- WHAT YOU HAVE TO DO:
Copying rule for the data below: pictures stay out, and only the lines from the one with "交易策略:161.775上方看涨,目标162.242、162.539" down to the one with "Milli Al Ameen", inclusive, are repeated exactly.

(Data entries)
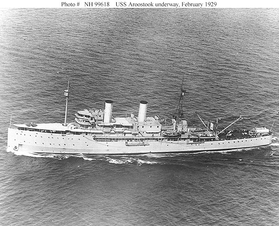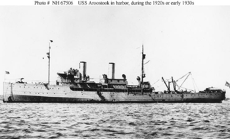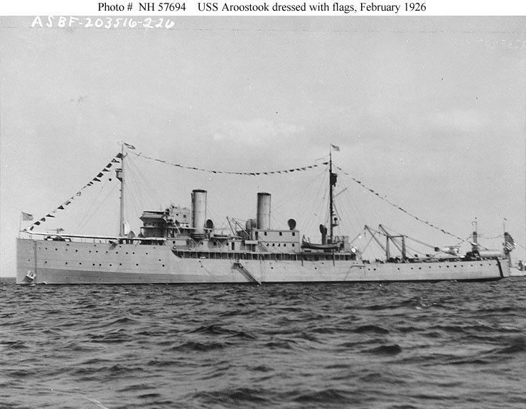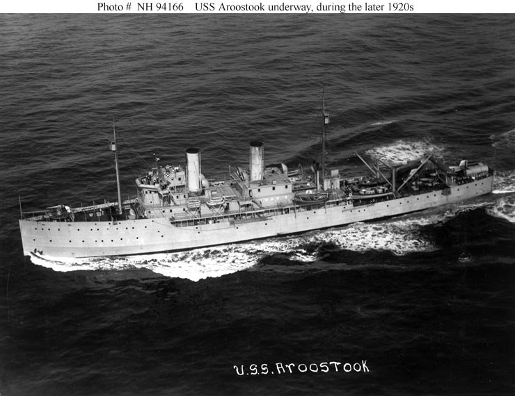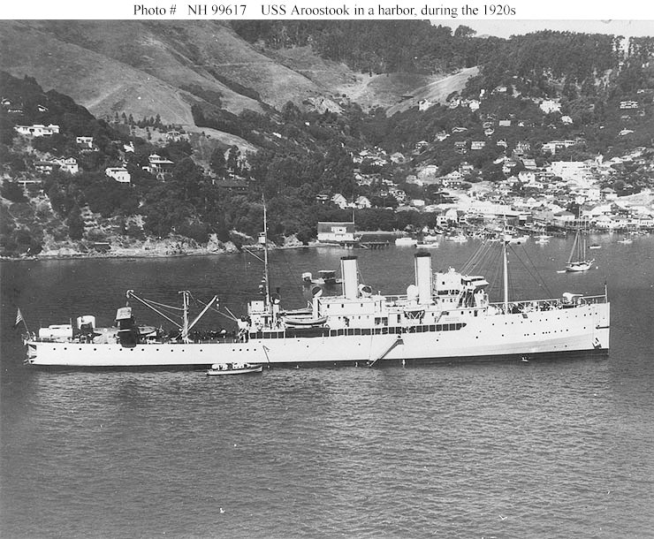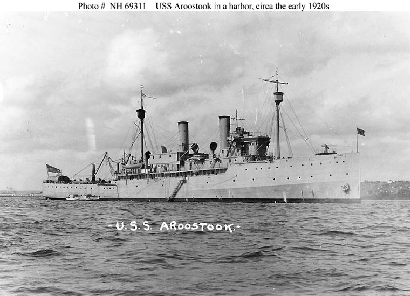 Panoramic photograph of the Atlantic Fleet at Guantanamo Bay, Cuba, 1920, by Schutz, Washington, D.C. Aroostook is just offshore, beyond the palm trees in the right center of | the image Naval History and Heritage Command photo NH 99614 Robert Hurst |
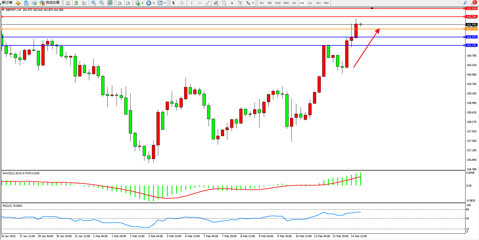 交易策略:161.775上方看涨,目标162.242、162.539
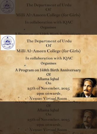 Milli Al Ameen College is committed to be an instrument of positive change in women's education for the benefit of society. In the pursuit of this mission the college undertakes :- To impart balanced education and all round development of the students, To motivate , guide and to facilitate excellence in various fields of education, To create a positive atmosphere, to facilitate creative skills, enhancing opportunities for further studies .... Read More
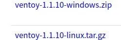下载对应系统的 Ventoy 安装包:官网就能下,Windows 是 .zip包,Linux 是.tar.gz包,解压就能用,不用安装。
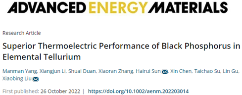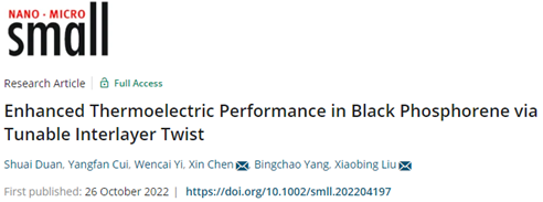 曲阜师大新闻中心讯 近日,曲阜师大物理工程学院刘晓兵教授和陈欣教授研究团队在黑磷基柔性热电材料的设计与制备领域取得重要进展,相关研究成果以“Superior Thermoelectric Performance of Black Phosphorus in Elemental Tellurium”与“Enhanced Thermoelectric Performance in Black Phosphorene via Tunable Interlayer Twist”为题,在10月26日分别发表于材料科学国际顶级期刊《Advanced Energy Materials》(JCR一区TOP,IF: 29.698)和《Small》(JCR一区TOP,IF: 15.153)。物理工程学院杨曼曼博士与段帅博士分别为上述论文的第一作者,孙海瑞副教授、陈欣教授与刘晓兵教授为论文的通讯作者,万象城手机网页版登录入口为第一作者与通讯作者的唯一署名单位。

- RESPONSE TO THIS TASK:
 交易策略:161.775上方看涨,目标162.242、162.539
 Milli Al Ameen College is committed to be an instrument of positive change in women's education for the benefit of society. In the pursuit of this mission the college undertakes :- To impart balanced education and all round development of the students, To motivate , guide and to facilitate excellence in various fields of education, To create a positive atmosphere, to facilitate creative skills, enhancing opportunities for further studies .... Read More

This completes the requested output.